▶ **GOAL OF THE EXERCISE**
Pictures excluded, copy word for word the lines from the one holding "청주공항에 진입하기 전, 아래" through the last line below.

▶ **Data extracted from a collection**
════

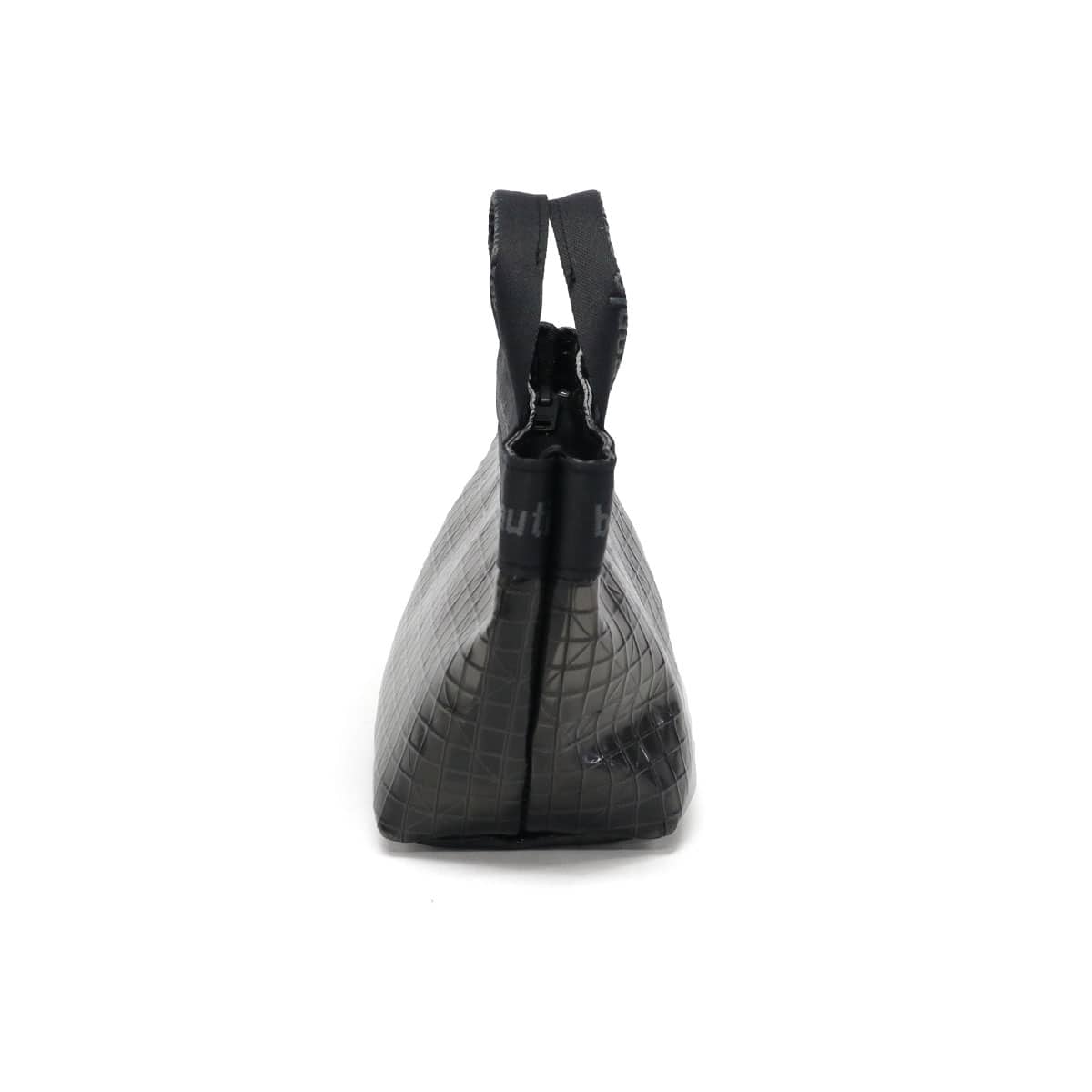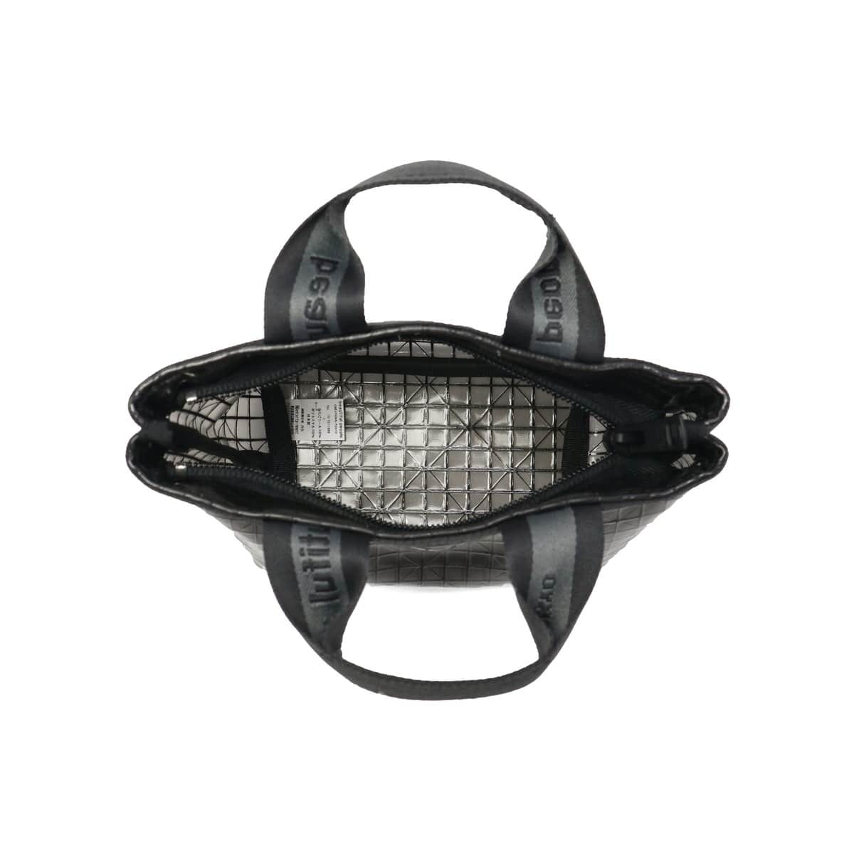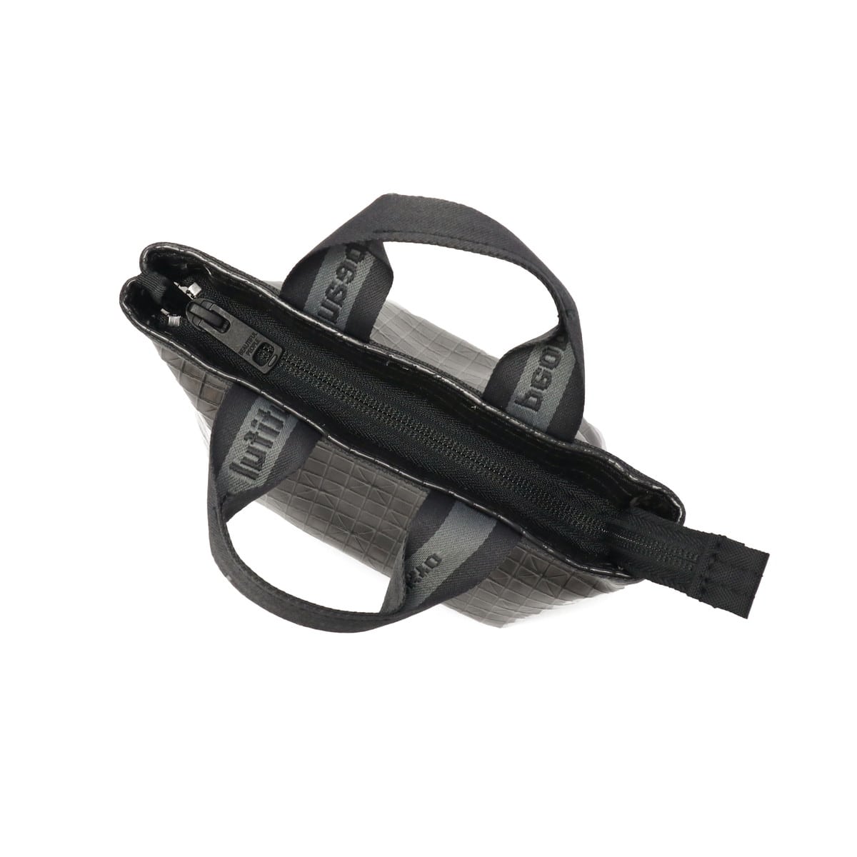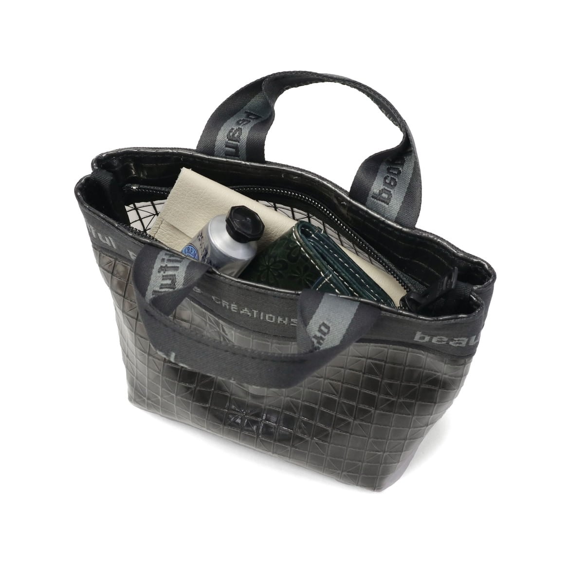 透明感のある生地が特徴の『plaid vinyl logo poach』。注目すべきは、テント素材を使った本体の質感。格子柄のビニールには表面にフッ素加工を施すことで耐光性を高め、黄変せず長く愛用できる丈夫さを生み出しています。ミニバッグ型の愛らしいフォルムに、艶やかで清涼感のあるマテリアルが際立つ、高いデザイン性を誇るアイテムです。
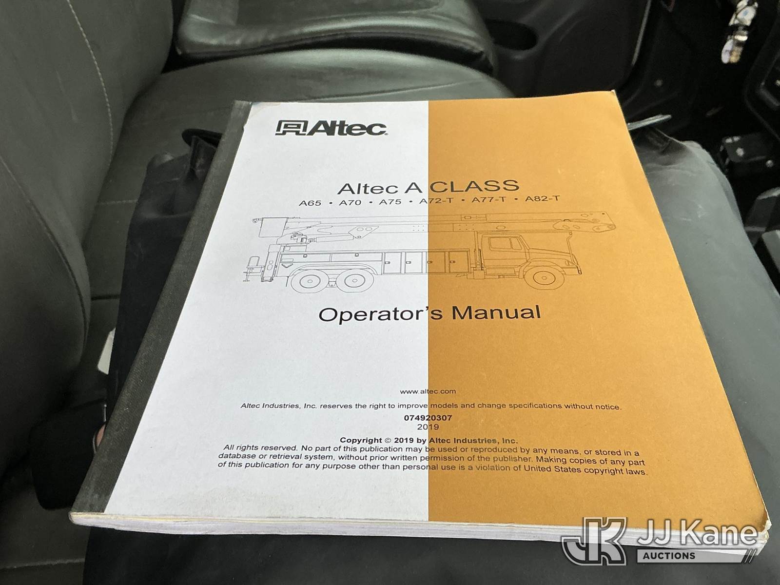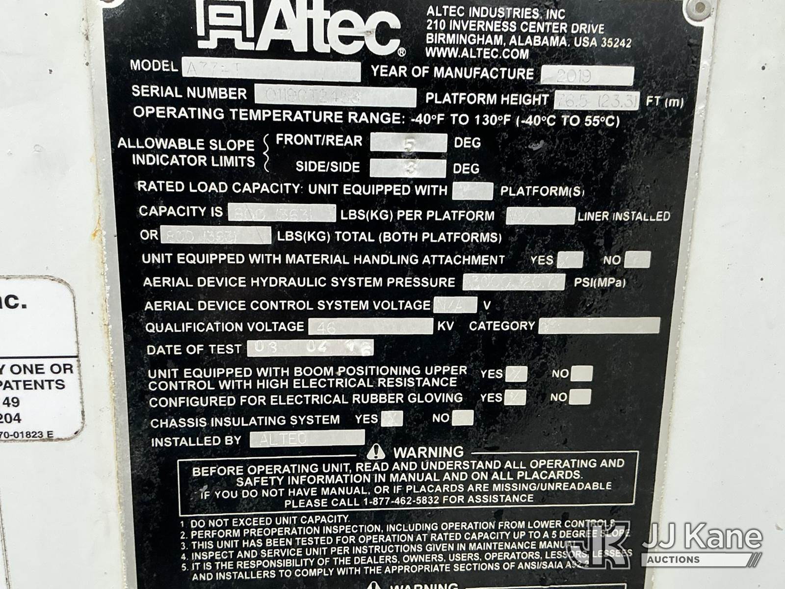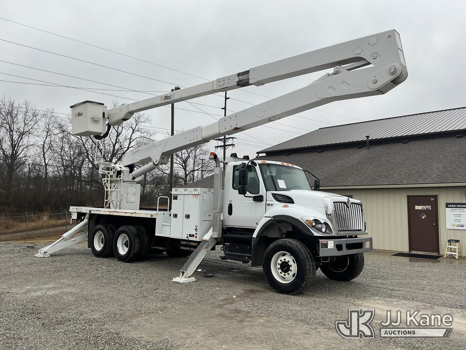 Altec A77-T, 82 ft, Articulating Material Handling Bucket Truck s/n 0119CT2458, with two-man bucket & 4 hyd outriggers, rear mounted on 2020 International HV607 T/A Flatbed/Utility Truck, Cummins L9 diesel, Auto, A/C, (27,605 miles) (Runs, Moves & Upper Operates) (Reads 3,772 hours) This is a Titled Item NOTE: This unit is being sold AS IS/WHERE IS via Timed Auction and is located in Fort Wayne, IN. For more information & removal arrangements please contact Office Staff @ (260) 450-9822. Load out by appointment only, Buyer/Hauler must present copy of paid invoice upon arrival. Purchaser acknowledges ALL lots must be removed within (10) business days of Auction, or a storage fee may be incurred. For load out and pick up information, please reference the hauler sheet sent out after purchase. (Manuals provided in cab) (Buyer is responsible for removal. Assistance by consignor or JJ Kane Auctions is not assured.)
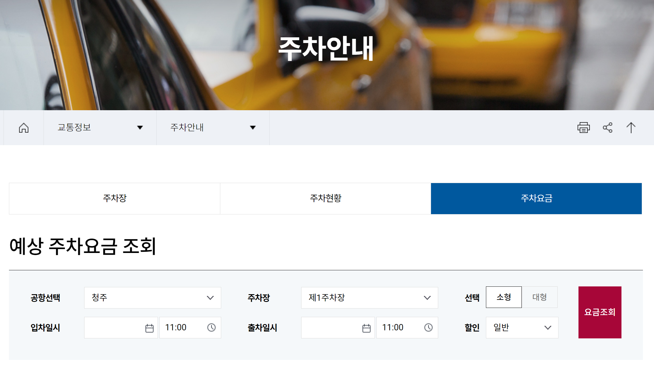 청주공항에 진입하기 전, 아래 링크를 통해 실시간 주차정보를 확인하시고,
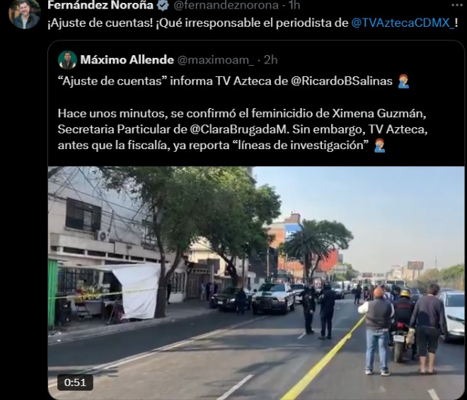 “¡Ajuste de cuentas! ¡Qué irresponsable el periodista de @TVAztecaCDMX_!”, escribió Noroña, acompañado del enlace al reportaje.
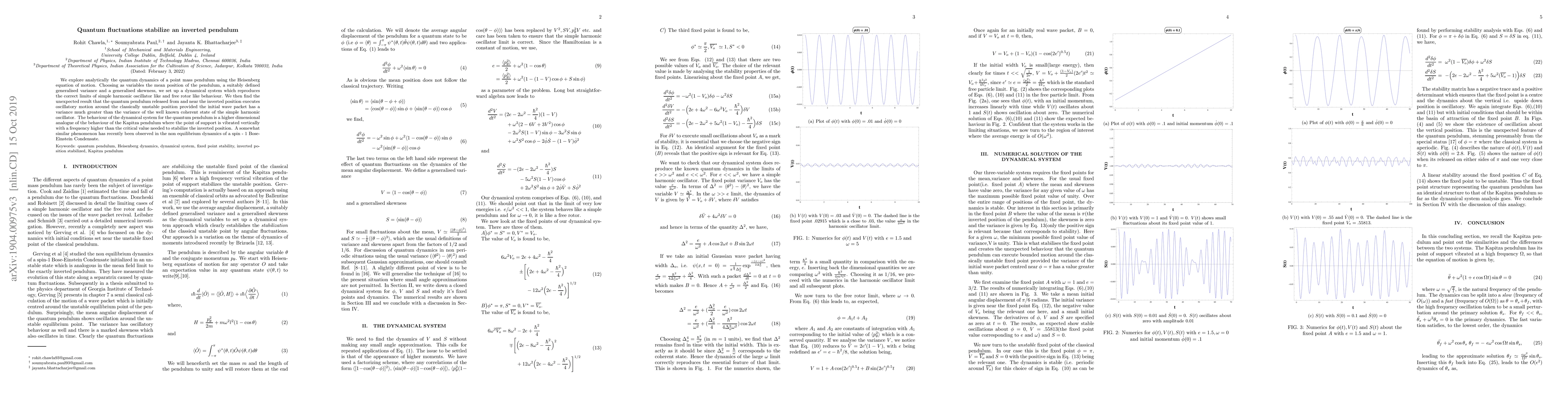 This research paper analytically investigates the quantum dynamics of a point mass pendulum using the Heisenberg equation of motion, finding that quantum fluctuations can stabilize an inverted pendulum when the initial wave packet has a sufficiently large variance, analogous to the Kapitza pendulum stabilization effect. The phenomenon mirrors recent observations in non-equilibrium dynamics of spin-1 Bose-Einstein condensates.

════

▶ **EXERCISE OUTPUT**
 청주공항에 진입하기 전, 아래 링크를 통해 실시간 주차정보를 확인하시고,
 “¡Ajuste de cuentas! ¡Qué irresponsable el periodista de @TVAztecaCDMX_!”, escribió Noroña, acompañado del enlace al reportaje.
 This research paper analytically investigates the quantum dynamics of a point mass pendulum using the Heisenberg equation of motion, finding that quantum fluctuations can stabilize an inverted pendulum when the initial wave packet has a sufficiently large variance, analogous to the Kapitza pendulum stabilization effect. The phenomenon mirrors recent observations in non-equilibrium dynamics of spin-1 Bose-Einstein condensates.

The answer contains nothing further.